Congo rebels bombard parliament

MONDAY, 4.00PM

MILITIA loyal to former Congolese dictator Denis Sassou Nguesso fired heavy weapons at the parliament in Brazzaville on Monday, after sporadic fighting resumed in the Congo capital on Sunday.

Violating a ceasefire, the rebels are firing to prevent the swearing-in of the constitutional council, which is to decide whether elections scheduled for July 27 will in fact take place, aides to President Pascal Lissouba said. “The constitional council will be sworn in before the assembled parliament,” the presidential cabinet director Claudine Munari said. “Sassou Nguesso wants to stop that, and they are firing heavy weapons on the parliament.”
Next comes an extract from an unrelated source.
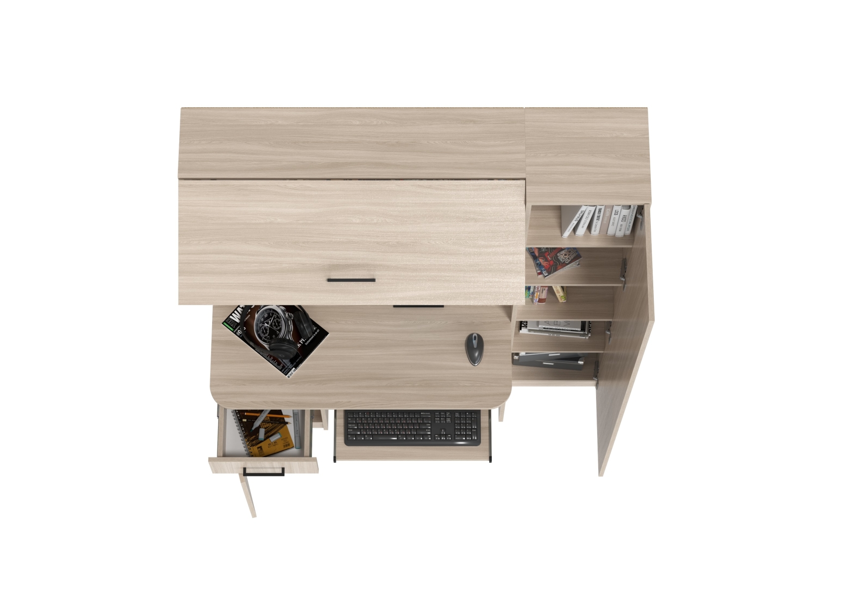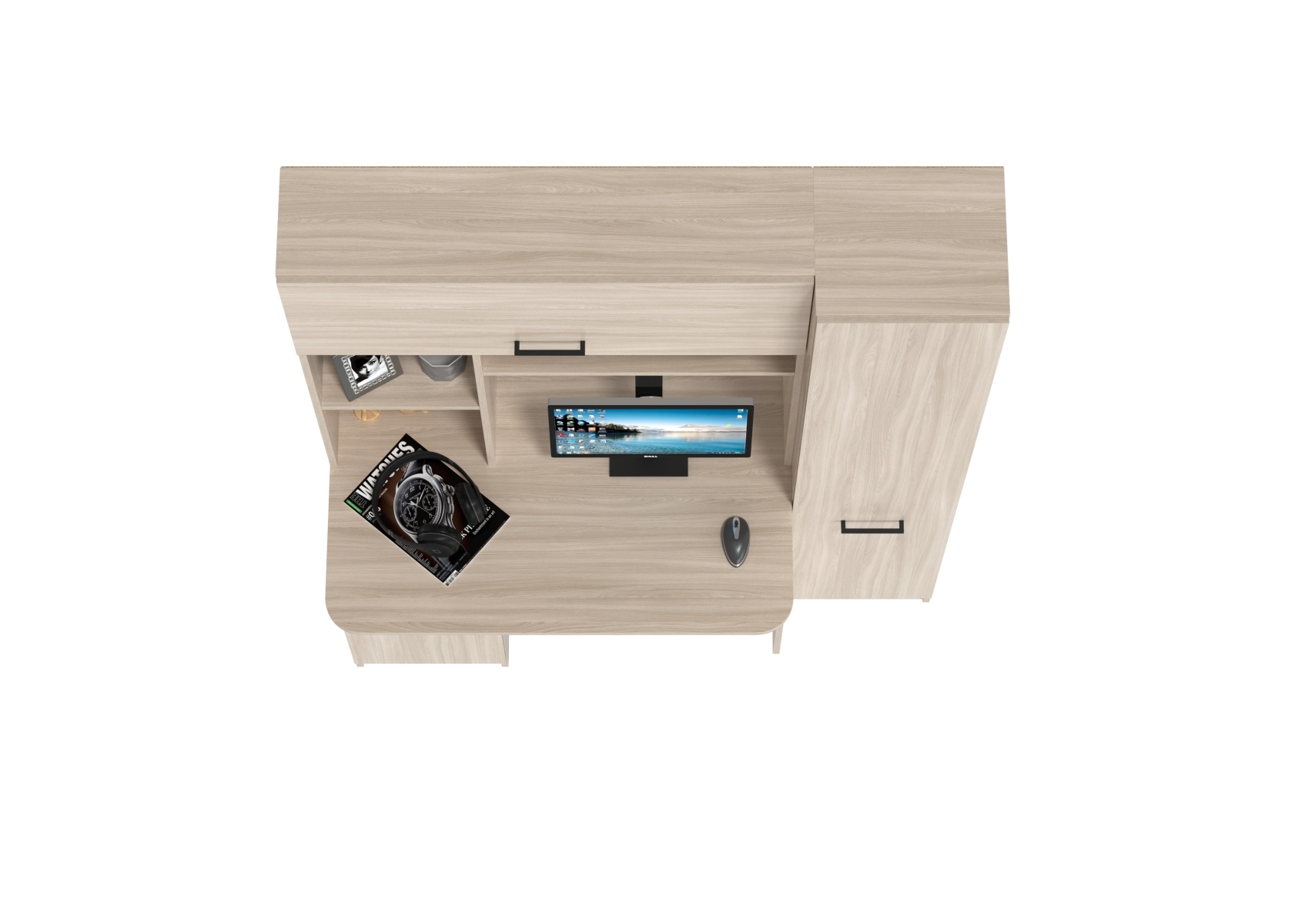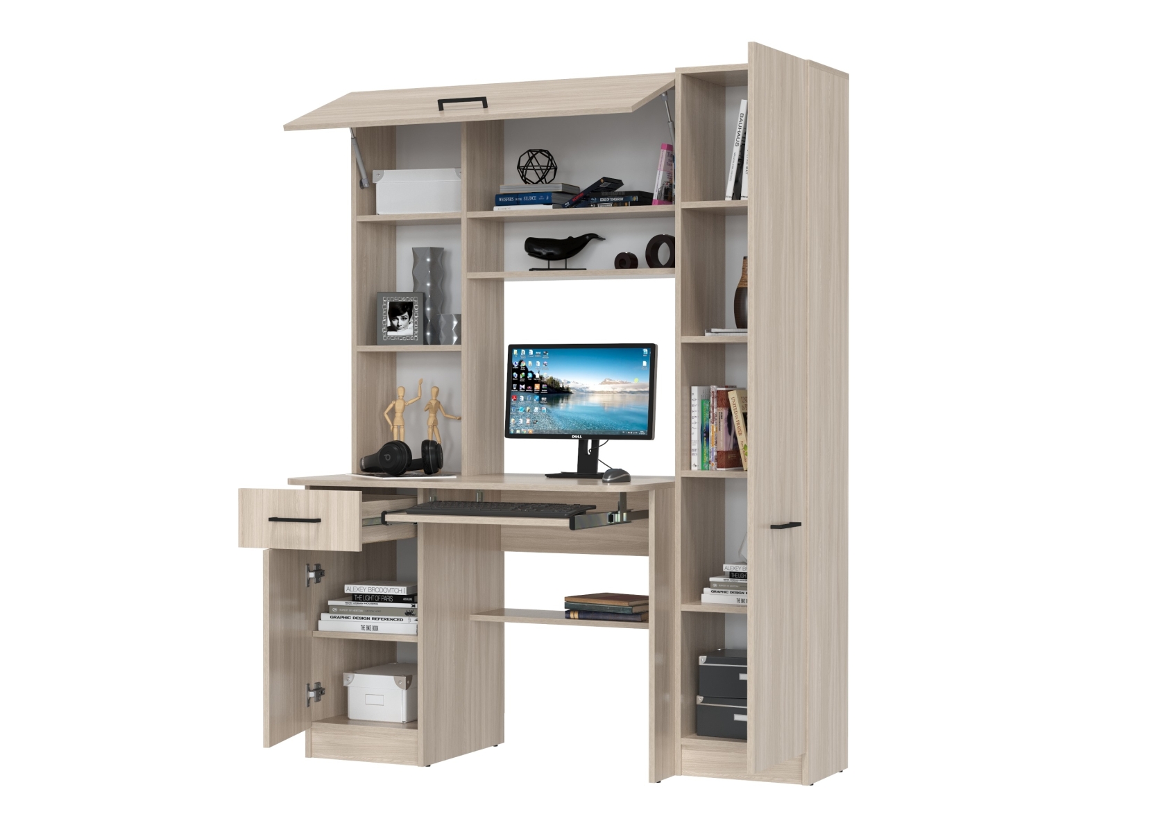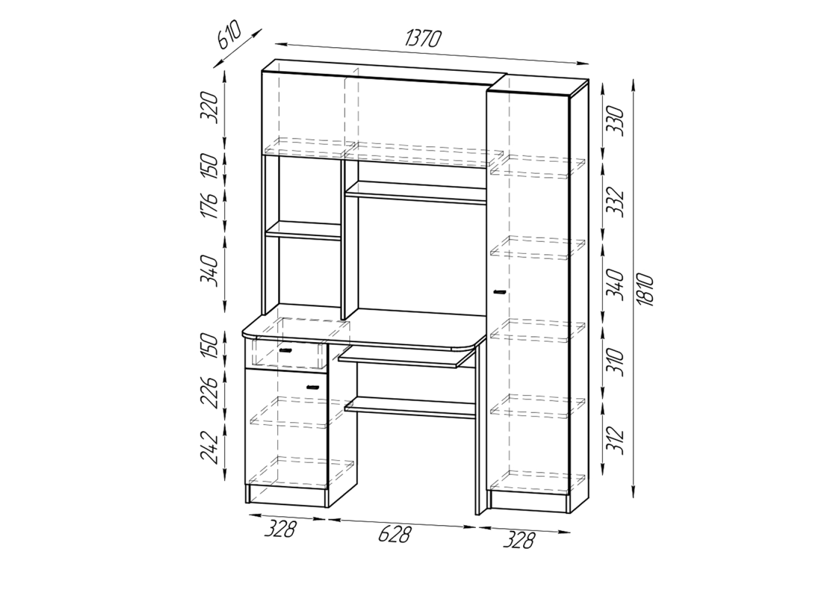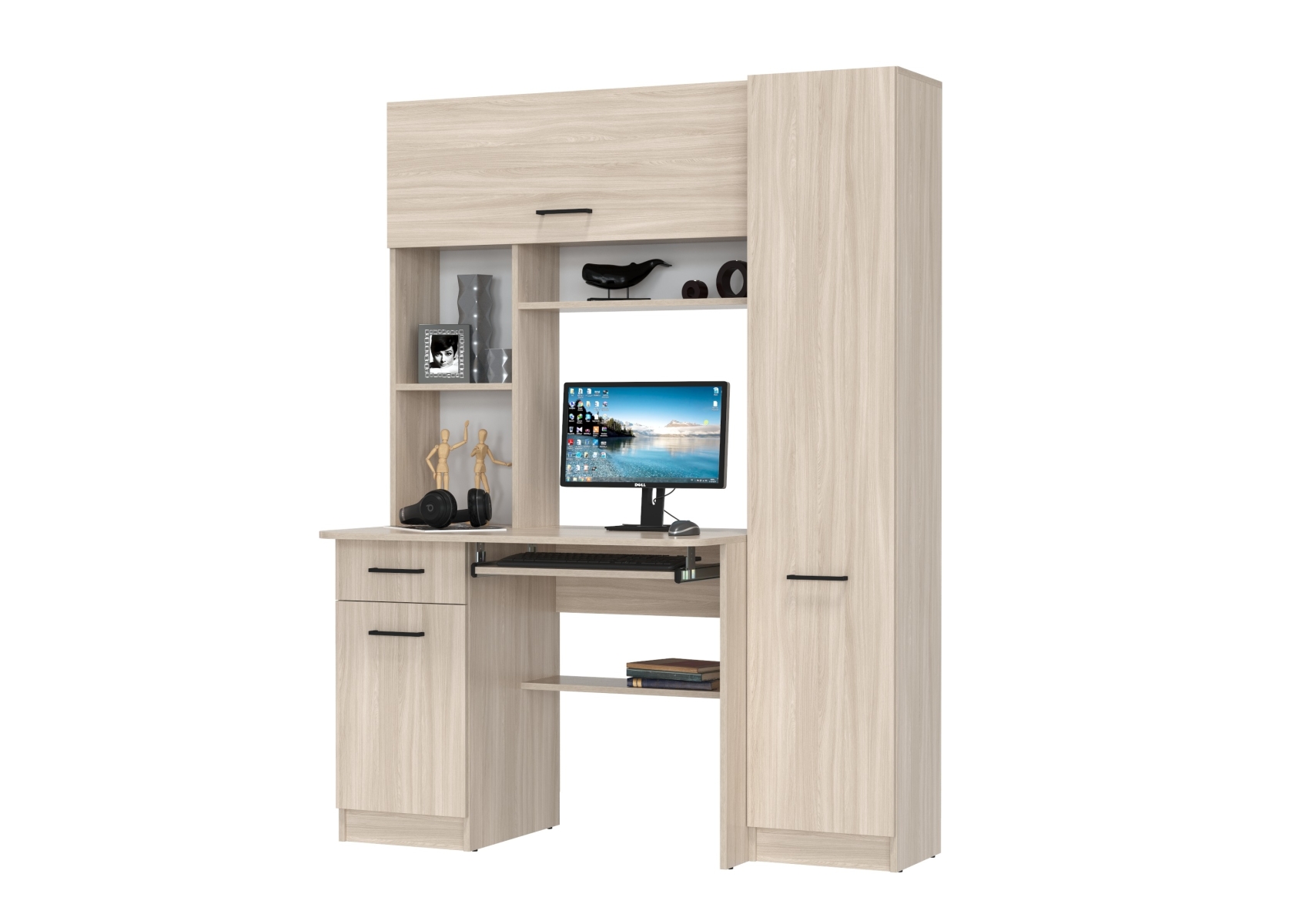 Стол рабочий Aльфа 6-0603. Цвет - ясень шимо светлый. Габариты - 137х61х181 см. Это универсальное и эргономичное рабочее место сочетает в себе однотумбовый компьютерный стол с надстройкой и пеналом. Универсальная схема сборки - тумбу и пенал можно разместить по Вашему усмотрению.

The council’s office, set up last Thursday, was criticised the following day by Sassou Nguesso’s radio station. The broadcast said Lissouba, whose mandate expires on August 31, was planning to ask the constitutional council for a ruling on the Congolese crisis, “in particular on prolonging his mandate.”

Sassou Nguesso is opposed to an extension of Lissouba’s mandate and is demanding that the head of state hand over his powers to a national unity government to rule the country until presidential elections.

The election was thrown into question by the violence that has engulfed the Congolese capital since June 5.

MONDAY, 5.30PM

SIX artillery shells fired from the Congolese capital Brazzaville struck Tshatshi military camp in Kinshasa, capital of the neighbouring Democratic Republic of Congo, DRC Foreign Minister Bizima Karaha was reported as saying on Monday.